[What the exercise asks] Reproduce the material below line by line, beginning with its first line and ending with the line that contains "Zusammen mit den"; leave out pictures.

[Available data]
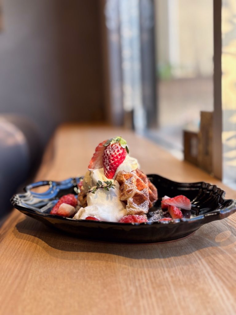焼きたてクロッフルに、みずみずしい完熟いちごをたっぷりと。
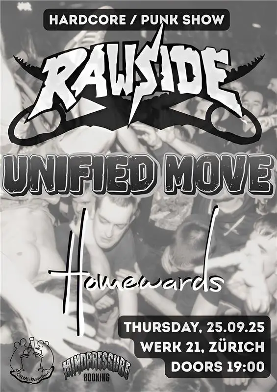 Zusammen mit den Solothurner UNIFIED MOVE und HOMEWARDS aus Zürich erwartet euch eine genauso vielseitige wie auch schlagkräftige Kombo! Ein energischer Rundumschlag – düster, dystopisch, voller Wut mit glasklarer Haltung gegen rechts, gegen Kriegstreiber, gegen Ausbeutung und Ungleichheit in dieser Welt!
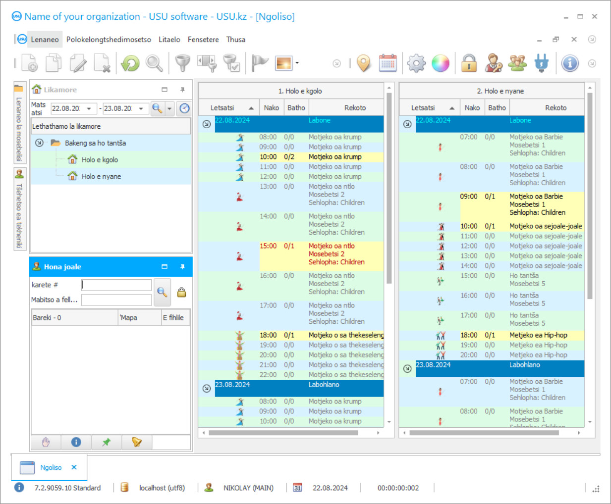Lenaneo le theha kamano e atlehang le bareki, e ikemiselitsoeng ke melaoana ea CRM e batloang haholo. Ha ho thata ho basebelisi ho laola mesebetsi ea papatso le papatso ea sebopeho. Basebelisi ba 'maloa ba ka tsamaisa tlelabo ea motjeko ka nako e le ngoe. Ha ho sehlopha se le seng sa motjeko, sekolo kapa setsi se hanang monyetla oa ho ikopanya le baeti ka potlako ka module ea mangolo-tsoibila ea SMS. Tsebisa bareki, romella melaetsa ea papatso. Mekhatlo ea setso, matlo kapa litsi ha lia tlameha ho sebetsa nako e telele tafoleng ea basebetsi. Boikemisetso bo iketsetsa mananeo a thupelo ho ipapisitse le litekanyetso tse fapaneng. Ha ho motho ea hanelang ho fetola maemo a feme ho fumana taolo e felletseng ea ts'ebetso ea letsatsi le letsatsi. Haeba ho hlokahala, lenaneo le nka eseng feela litšebeletso empa hape le nka thekiso ea assortment. Sehlooho ka seng se ka thathamisoa hantle. Haeba lits'oants'o tsa setsi sa setso, studio kapa ntlo li le hole le maemo, ho bile le phallo ea setsi sa bareki, mokhoa o mobe oa phaello oa rekotoa, bohlale ba software bo tla lemosa ka sena. Ha ho ketsahalo ea motjeko e sa tsejoeng, ebile le ts'ebetso ea basebetsi ha e eo. Sehlopha sefe kapa sefe sa tantši ea boqapi se khona ho laola ka botlalo boemo ba letlole la thepa - lisebelisoa tsa mmino, lethathamo la liaparo, liaparo. Ha hoa qheleloa ka thoko hore tšehetso ea dijithale e ka fanoa bakeng sa odara, e tla lumella ho tsebisa boqapi bo bong ba mahlale a morao-rao, ho kenya li-extensions tse sebetsang tse sa kenyellelitsoeng ho spectrum ea mantlha.

[The completed task]
焼きたてクロッフルに、みずみずしい完熟いちごをたっぷりと。
 Zusammen mit den Solothurner UNIFIED MOVE und HOMEWARDS aus Zürich erwartet euch eine genauso vielseitige wie auch schlagkräftige Kombo! Ein energischer Rundumschlag – düster, dystopisch, voller Wut mit glasklarer Haltung gegen rechts, gegen Kriegstreiber, gegen Ausbeutung und Ungleichheit in dieser Welt!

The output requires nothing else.